South Korea

South Korean Politician’s Own Party Will Investigate His Unregulated Token Trading

South Korean Representative Kim Nam-kuk’s political party, the National Democratic Party, has urged him to sell all of his digital assets and will launch an investigation into his token trading practices.

Two years ago, some of his undisclosed positions were exposed by various Asian media. Blockworks is unaware of Kim’s current holdings, but reports say he owned about 800,000 wemix tokens in 2021, worth about $4.5 million at the time.

Kim may withdraw all his Wemix tokens before South Korea’s travel rules come into force in March 2022. According to Yonhap News Agency, the rule requires all exchanges in the country to flag cryptocurrency transfers exceeding 1 million won (about $757).
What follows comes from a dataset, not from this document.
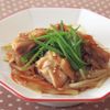 (4)フライパンにごま油を入れて強火で熱し、(1)を炒める。肉の色が変わったら(2)を加えて炒め、色が鮮やかになったら(3)を加えて混ぜる。Aを順番に加え、炒め合わる。
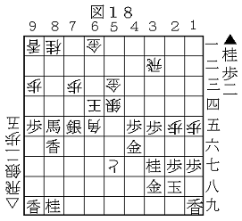 実戦は△8七歩▲同飛△6五角▲8四飛△同玉▲8六香△7五玉▲8五角成△64玉▲7五銀(図18)。なんと、後手玉が頓死してしまった。△6五角が敗着で、△8六歩〜△8五歩とされると先手が苦しい。松原にとっては幸運であった。

Kwon Chil-seung, a top spokesman for the Democratic Party, is confident Kim will follow the advice of investigators and his colleagues.

“As we advised him to sell his crypto holdings, we are confident that he will comply,” Kwon told reporters.

In addition to charges that he withdrew all of his tokens before key travel rules stymied his efforts, Kim also co-sponsored legislation that would delay income tax on crypto assets in July 2021.

In the US, unlike Kim, Senator Ted Cruz voluntarily disclosed his bitcoin purchases. The Texas Republican bought assets worth between $15,001 and $50,000, according to Senate financial disclosures.

More recently, Cruz said he is “very bullish” on bitcoin and cryptocurrencies more broadly. He added that he has a standing buy every Monday.

“I own a little over 2 bitcoins, and every Monday I have a little bit more,” Cruz said.

This comes as 2024 presidential candidates begin sharing their visions for cryptocurrencies with American voters, including how they plan to regulate the industry.

Democratic candidate Robert F. Kennedy Jr. tweeted that President Joe Biden’s 30 percent tax on electricity used for cryptocurrency mining is “a bad idea.”

President Biden’s most recent foray into cryptocurrency regulation came on Tuesday, when he tweeted that if Congress closes a tax loophole to help “wealthy cryptocurrency investors,” it would bring in $18 billion for the government.

Most of the other candidates have yet to comment on their plans to regulate bitcoin and the larger cryptocurrency space.